Mermaid architecture diagrams: Architecture overview, import rules, deployment topology, SAT solver internals, and ER data model — all render natively on GitHub with rich colors and white text
New CLI commands: details, diff, outdated, search, why — 5 new subcommands for package inspection and lock file comparison
New data source clients: Gradle (gradle_client.py), Swift (swift_client.py), Hex/Elixir (hex_client.py), Haskell/Cabal (haskell_client.py) — 4 more ecosystems now supported (total 18)
Orchestrator package: backend/orchestrator/ — shared resolution layer used by both CLI and API, breaking the cli→api import cycle
GitHub workflow enhancements: New benchmark.yml (weekly SAT-solver performance); security-audit.yml enhanced with pip-audit --fix + license compliance; ci.yml data-source parallel job extracted; new dependabot.yml, scorecards.yml
docs/ARCHITECTURE.md: ASCII architecture art replaced with Mermaid graph + import rules + ER diagrams; deeper saturated backgrounds with white text for readability
Root config cleanup: install.sh — dynamic version reading from pyproject.toml or udr --version (removed hardcoded VERSION); Makefile — added .DEFAULT_GOAL=help, --cov-fail-under=70 (consistent with pyproject.toml), removed stale --timeout=120; .env.example — added ENABLE_CSRF + 5 missing ecosystem rate limits; MANIFEST.in — added README_PYPI.md + alembic/ include rules; pytest.ini — removed blanket DeprecationWarning suppression
Desktop: Removed DMG background image to fix transient arm64 build failures; electron-updater moved to dependencies in package.json (runtime dep)
Fixed
@angular/core edge case: _parse_package_spec now handles scoped npm packages without ecosystem suffix (leading @). Unknown ecosystems log a warning instead of silently creating invalid specs.

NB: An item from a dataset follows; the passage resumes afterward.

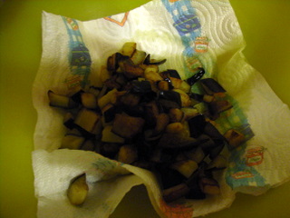 - Fry the eggplants, do not put all the eggplants at the same time, but cook them a little at a time, adding oil as needed '.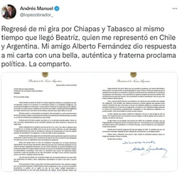 “La carta que le envié a mi amigo Alberto Fernández y ayer con mi esposa Beatriz, que me representó en Argentina y en Chile, me entregó esta carta y consideré importante darla a conocer porque está muy bien escrita, él es muy sincero, muy honesto, es una muy buena proclama política, es su concepción, coincido con él en casi todo. Sólo pienso que independientemente de esta alianza en nuestra América debe buscarse la integración de toda América”, dijo.

NPM dependency key location: Now reads dependencies from top-level info["latest_version_info"]["dependencies"] in _aggregator_to_resolver_input.
_find_compatible_versions indentation bug: sys_python check was accidentally nested inside the version_constraint block — now always evaluated.
Critical: email-validator missing from core deps — Imported at top level in backend/run.py:12 but only in [system]/[dev] optional groups. pip install ud-resolver (bare, no extras) crashed on udr serve. Moved to [project.dependencies].
High: httpx missing from core deps — Used in backend/api/main.py:319 health endpoint but only in [dev]/[all]. Health check silently failed when extras not installed. Added to [project.dependencies].
High: starlette not declared — Imported directly in api/main.py and api/middleware.py but never declared in pyproject.toml (relied on transitive dep through FastAPI). Explicitly added to [project.dependencies].
prometheus-fastapi-instrumentator moved to [monitoring] — Was in core deps but only imported conditionally inside a function. Belongs in optional monitoring group.
opentelemetry-exporter-otlp-proto-grpc missing — Imported in backend/tracing_config.py:62 but only -http exporter was declared. Both gRPC and HTTP exporters now in [monitoring].
electron-updater in wrong dependency group — Was in devDependencies in desktop/package.json but imported and used at runtime in main.js. Moved to dependencies.
Security
All 14 ecosystems tested with real APIs in a 43-package megaproject scenario (frontend + backend + AI/ML + inference + system specification with CUDA)
Removed
docs/diagram/architecture.excalidraw — Excalidraw JSON format does not render on GitHub. Replaced with inline Mermaid diagrams.
tests/fixtures/api_responses/ — Stale mock JSON fixtures (conda, npm, pypi). Coverage handled by live data source tests.